少し前の記事でグラベルロードのリアタイヤにシーラントが滲む現象についてお伝えしました。
軽微ならチューブレスレディでありがちな現象なので特に対処はしませんが、スローパンクには至らないものの車体がライドの度にシーラント塗れになるという中途半端な症状に頭を抱えます。
まだ寿命を迎えるほどトレッド面が減っていないので気乗りしない決断でしたが、涙を呑んでタイヤを交換することに。
ちょっとだけ予告した通り、旧モデルの無印グラベルキングの後釜に座るのは新モデルの無印グラベルキングで、もちろんチューブレス対応版。
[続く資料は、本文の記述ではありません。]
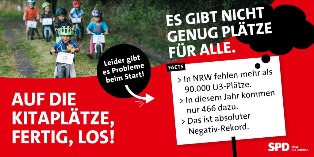 In Kitas und Tagespflege fehlen mehr als 110.000 Plätze in Nordrhein-Westfalen, 90.000 allein in der U3-Betreuung. Doch neue Plätze gibt es kaum noch: Gerade einmal 466 neue Plätze für Kinder unter drei Jahren wurden im Jahr 2024 geschaffen – das ist viel zu wenig und ein neuer Negativrekord.

新グラベルキングこと第2世代ではノブ付きのX1シリーズが人気だそうですが、大幅な重量増が気になったので、結局タイヤ交換後のギャップが最も少ないノブ無し無印グラベルキングに落ち着きました。
パナレーサーによると、リニューアルによりパンク耐性・乗り心地・ビードの上がりやすさ、これらが見直されているそうですが、重量面も含めて旧モデルとの違いが気になるところ。
旧モデルの無印グラベルキングから新モデルの無印グラベルキングへのタイヤ交換ということで、正直あまり面白味はありませんが、今回は新グラベルキングの詳細や使用感について話題にしてみます。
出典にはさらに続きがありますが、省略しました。